4Technically Git accomplishes this by writing the branch name master into a file in .git named .git/HEAD. You can look at this file, but when you want to update it, you should use the various Git tools, because under various conditions, Git might be using some other file. In particular, since Git 2.5, Git now has git worktree add, which adds a new index-and-work-tree pair. Each added work-tree has to get its own separate HEAD as well, so once you add some work-trees, the index isn't always .git/index any more and HEAD isn't always .git/HEAD any more.
Summary
Keep the following items in mind at all times:
Git is all about commits. Branch names—and other names, once you get to that point—just serve to find the commits.
Every commit has a unique hash ID, and except for some new unfinished features ("partial clones"), you always either have a full commit, or none of a commit.
Every commit links back to one or more predecessor or parent commits, except for special cases like the very first commit ever in some repository. These linkages—or chains of commits—form what people call branches (one of the several meanings of the word "branch").
To make a new commit, you need to update Git's index. When you first git checkout some commit you don't already have out, Git will fill in the index—and of course your work-tree—from that commit. You work with files in your work-tree, and Git works with its index.
The index and your work-tree aren't copied around: when you git clone, or git fetch, or git push, you will transfer commits. The index and work-tree don't matter here (well, there are some conditions for git push, in the other Git, that's receiving your git push).

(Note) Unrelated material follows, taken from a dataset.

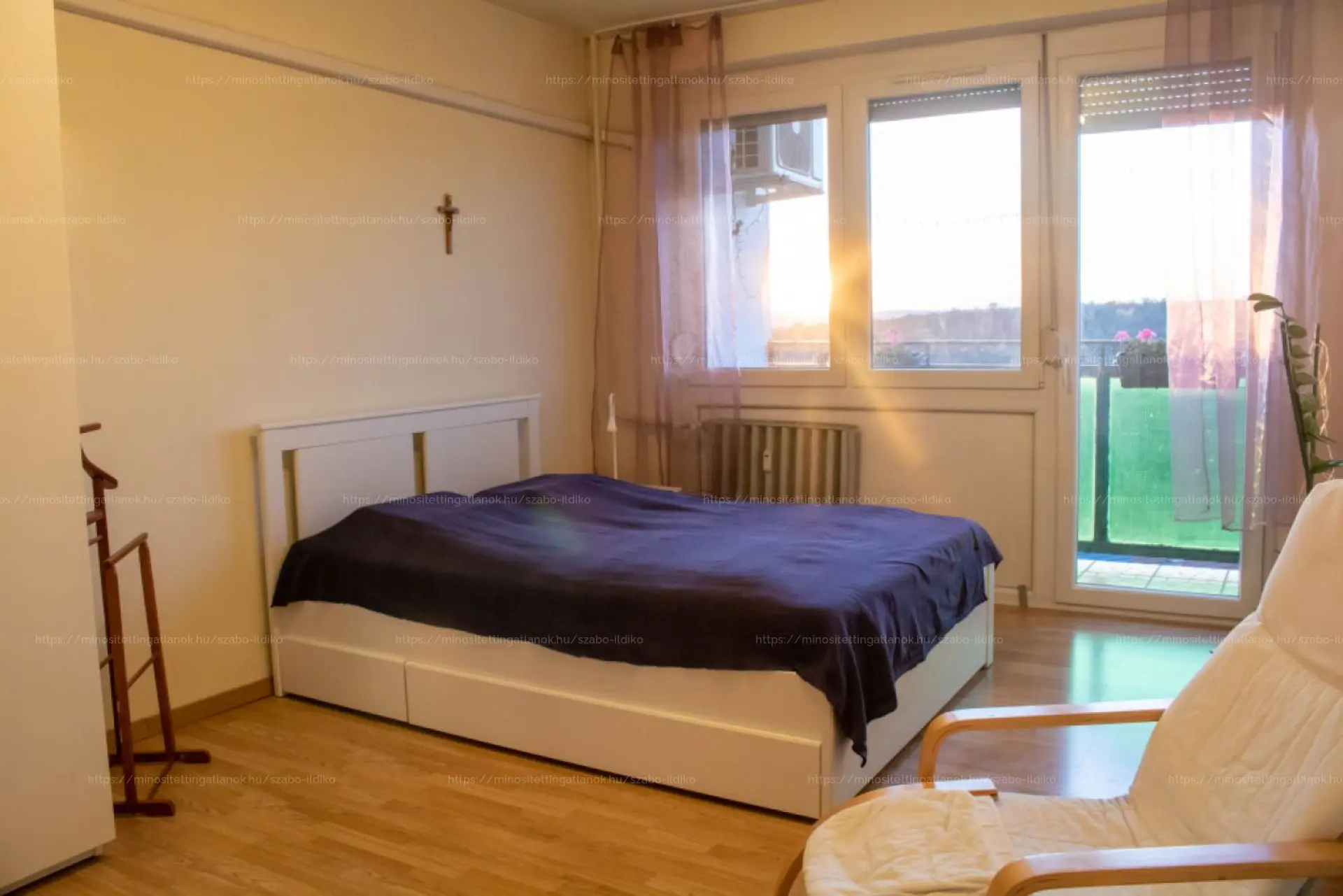 Eladásra kínálok egy 55 m2 alapterületű két szobás, erkélyes zöldre néző panorámás panel lakást. A nappali 24 m2 alapterületű, nyugati tájolású, innen nyílik az erkély panorámával. A légkondicionált étkező a két szoba között helyezkedik el. A hálószoba külön nyíló, nagy ablakos, 12 m2 alapterületű, keleti fekvésű. A konyha világos, nagy ablakos, beépített konyhabútorral, gáztűzhellyel felszerelt.

Commits are frozen for all time (and mostly permanent—they're a bit hard to get rid of, even if you want to, sometimes). The copies of files in your index and work-tree are temporary.
Adding new commits updates your branch name(s). The branch name that gets updated is the one you've attached HEAD to.
In Git 2.23 or later, you can use git switch to pick where HEAD goes and/or create new branch names, and git restore to extract specific files from specific commits; in earlier versions of Git, both jobs are stuck into one git checkout command.
When you get to the point of using a second Git repository, remember that until you git push those commits to that other repository, your Git is the only one that has your new commits. That makes it easy (and OK) to "rewrite history" by replacing some commits with some new-and-improved versions (e.g., git rebase -i or git commit --amend). Once you have sent the commits elsewhere, you can still replace commits with new-and-improved versions, it's just the other Git now has the commits you sent earlier, so these things get harder—sometimes a lot harder.